The entries that follow include a run beginning at the line with "Nhân viên y" and ending at the line with "IMPORTANT NOTE: Where"; restate that run word for word and leave the rest out.

- _Exercise material_
-=-=-=-=-

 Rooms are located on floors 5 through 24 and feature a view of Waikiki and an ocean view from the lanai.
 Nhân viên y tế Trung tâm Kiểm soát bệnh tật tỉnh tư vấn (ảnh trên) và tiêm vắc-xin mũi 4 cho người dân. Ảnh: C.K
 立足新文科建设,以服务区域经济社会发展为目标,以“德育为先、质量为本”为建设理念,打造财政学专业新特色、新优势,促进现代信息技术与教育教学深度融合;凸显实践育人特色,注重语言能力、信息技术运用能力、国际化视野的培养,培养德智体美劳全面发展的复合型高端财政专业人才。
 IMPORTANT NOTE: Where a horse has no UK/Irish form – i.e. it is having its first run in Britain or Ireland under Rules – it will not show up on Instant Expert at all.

-=-=-=-=-

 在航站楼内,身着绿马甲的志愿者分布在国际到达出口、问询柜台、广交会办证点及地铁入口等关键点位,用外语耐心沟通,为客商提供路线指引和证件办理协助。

-=-=-=-=-

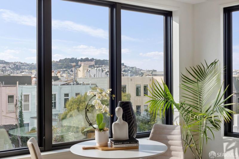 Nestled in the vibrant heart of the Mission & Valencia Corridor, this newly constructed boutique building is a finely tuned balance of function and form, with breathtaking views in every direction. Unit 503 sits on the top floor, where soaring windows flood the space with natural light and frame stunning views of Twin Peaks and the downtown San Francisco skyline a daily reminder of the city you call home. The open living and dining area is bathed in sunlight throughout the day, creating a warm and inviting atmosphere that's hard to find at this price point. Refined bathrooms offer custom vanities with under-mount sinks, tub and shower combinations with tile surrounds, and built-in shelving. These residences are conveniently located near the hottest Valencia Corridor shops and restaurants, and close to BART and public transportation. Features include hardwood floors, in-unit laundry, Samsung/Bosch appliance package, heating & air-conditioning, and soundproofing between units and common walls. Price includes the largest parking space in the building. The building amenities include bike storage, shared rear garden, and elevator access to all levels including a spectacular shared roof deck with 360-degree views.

-=-=-=-=-

- _Response area_
 Nhân viên y tế Trung tâm Kiểm soát bệnh tật tỉnh tư vấn (ảnh trên) và tiêm vắc-xin mũi 4 cho người dân. Ảnh: C.K
 立足新文科建设,以服务区域经济社会发展为目标,以“德育为先、质量为本”为建设理念,打造财政学专业新特色、新优势,促进现代信息技术与教育教学深度融合;凸显实践育人特色,注重语言能力、信息技术运用能力、国际化视野的培养,培养德智体美劳全面发展的复合型高端财政专业人才。
 IMPORTANT NOTE: Where a horse has no UK/Irish form – i.e. it is having its first run in Britain or Ireland under Rules – it will not show up on Instant Expert at all.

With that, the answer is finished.